A Revelation Psalm

A Revelation Psalm by Courtney Raymond

When I found myself in the last moment –
The last battle,
that deeper place, my real country –
Standing on the other side of the door to my life –
I was, at last, ready to receive the name
You reserved for me.

All at once the Hen who took me under Her wing
and the Rider atop His steed,
You stood before me.


In the silence and the magnitude of
joyous stillness,
I was knighted.


And I finally knew who I was
The way I had known all along
Deep in my heart and soul and the rest
of the hidden depths inside me –
I knew who I was but it was more than I
ever could have imagined.

Standing in my new knighthood,
Priestess among the priesthood –
the questions of a life already lived flowed from me.

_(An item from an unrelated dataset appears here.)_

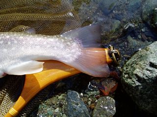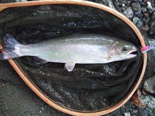 ワナ、ブラウンは定位場所を決めている傾向。レインボーはかかってからもなかなか寄らず。いずれの魚種もコンディション良好。いよいよ本シーズンの動きを

How have You called me the name I have
longed for
my whole life
When not even I knew what it was I
needed?
How have You known me so well,
And how have I known myself so little?
When did you see the furthest reaches of my soul –
Where was I looking when you set an expedition
into the wastelands of my heart
And found among the brambles the
hidden treasure trove buried there?

Yet there I was,
and am.
Once-hidden manna clutched in my once-wanting hand.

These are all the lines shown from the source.